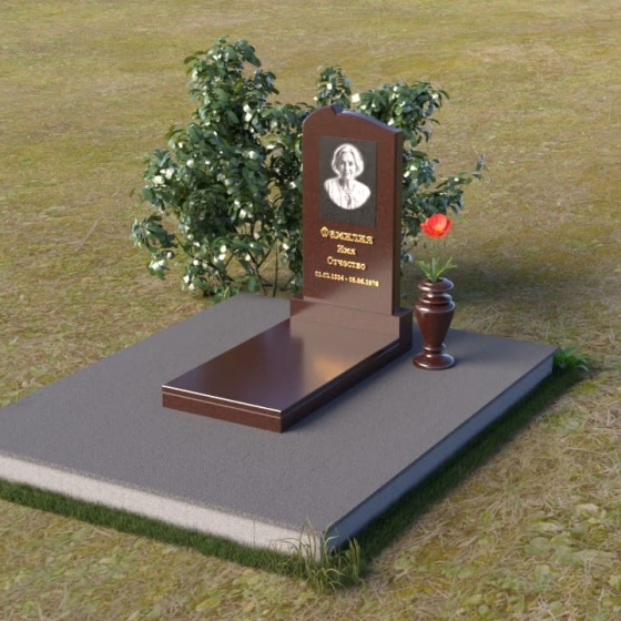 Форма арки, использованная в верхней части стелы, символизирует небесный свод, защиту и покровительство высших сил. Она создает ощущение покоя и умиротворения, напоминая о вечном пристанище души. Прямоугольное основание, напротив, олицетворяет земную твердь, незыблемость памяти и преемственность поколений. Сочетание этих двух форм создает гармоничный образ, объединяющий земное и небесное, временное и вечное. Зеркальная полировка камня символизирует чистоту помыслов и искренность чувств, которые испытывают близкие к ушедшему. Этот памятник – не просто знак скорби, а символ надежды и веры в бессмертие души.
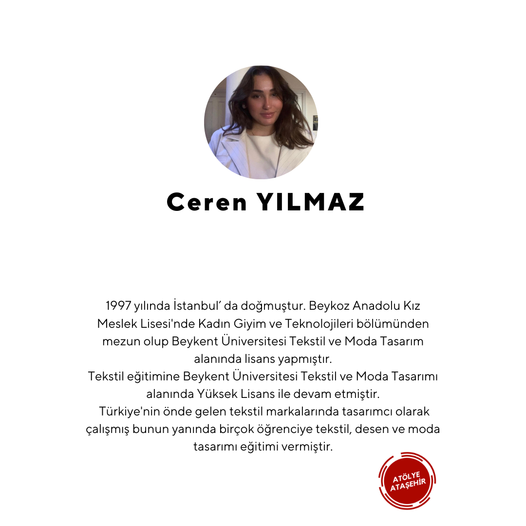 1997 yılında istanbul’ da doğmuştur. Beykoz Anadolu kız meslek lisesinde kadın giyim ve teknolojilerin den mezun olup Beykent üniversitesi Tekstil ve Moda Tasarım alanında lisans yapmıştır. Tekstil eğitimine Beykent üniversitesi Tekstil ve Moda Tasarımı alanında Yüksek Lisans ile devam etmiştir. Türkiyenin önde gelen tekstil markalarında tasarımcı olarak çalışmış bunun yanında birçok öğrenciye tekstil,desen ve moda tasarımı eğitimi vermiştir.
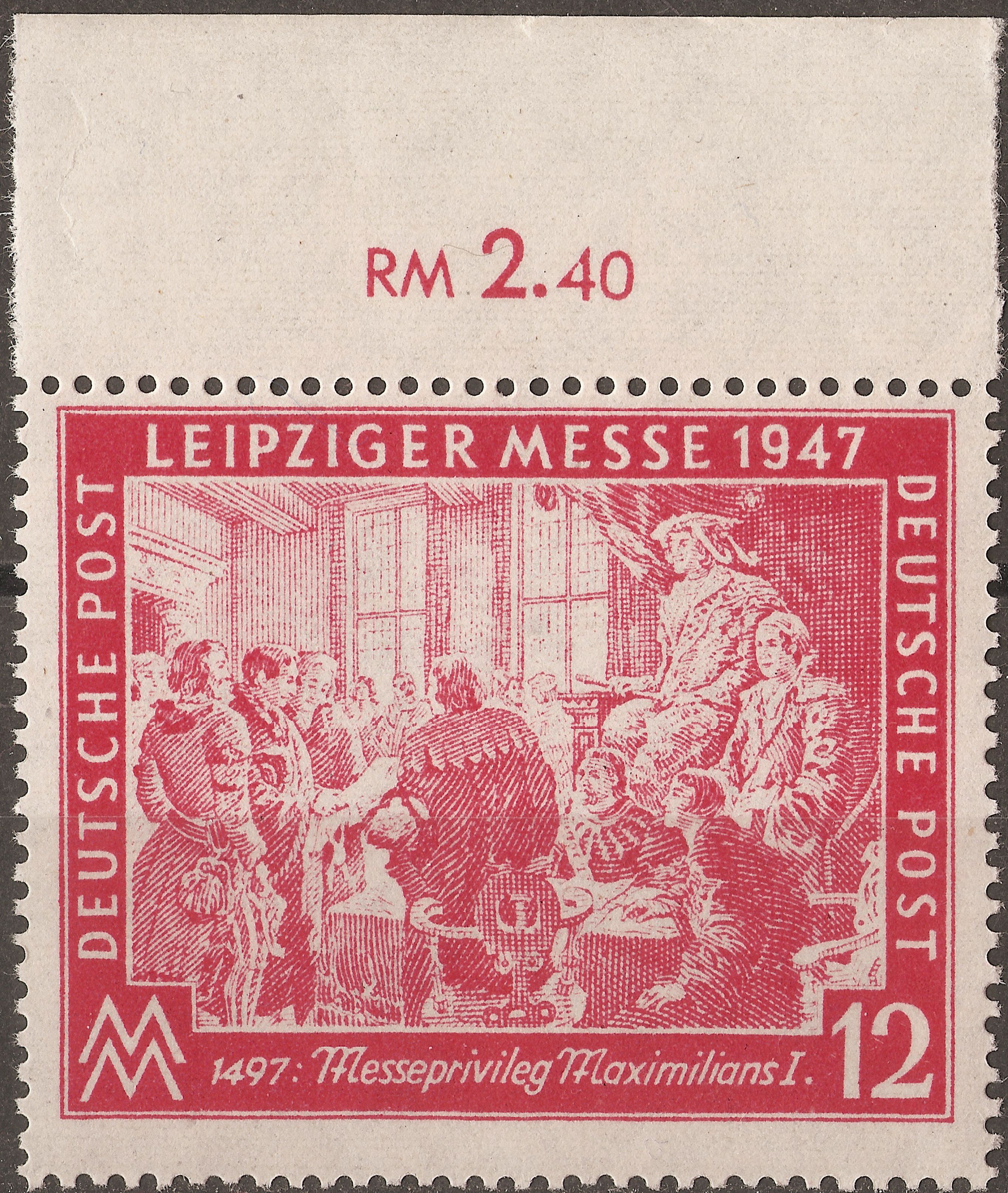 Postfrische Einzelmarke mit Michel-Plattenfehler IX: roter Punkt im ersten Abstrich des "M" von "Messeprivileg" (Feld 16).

----------------

EXERCISE REQUIREMENTS:
A verbatim copy is needed of the lines running from the line with "1997 yılında istanbul’" to the end of the data above, both included. Keep the pictures out of it.

YOUR SOLUTION:
 1997 yılında istanbul’ da doğmuştur. Beykoz Anadolu kız meslek lisesinde kadın giyim ve teknolojilerin den mezun olup Beykent üniversitesi Tekstil ve Moda Tasarım alanında lisans yapmıştır. Tekstil eğitimine Beykent üniversitesi Tekstil ve Moda Tasarımı alanında Yüksek Lisans ile devam etmiştir. Türkiyenin önde gelen tekstil markalarında tasarımcı olarak çalışmış bunun yanında birçok öğrenciye tekstil,desen ve moda tasarımı eğitimi vermiştir.
 Postfrische Einzelmarke mit Michel-Plattenfehler IX: roter Punkt im ersten Abstrich des "M" von "Messeprivileg" (Feld 16).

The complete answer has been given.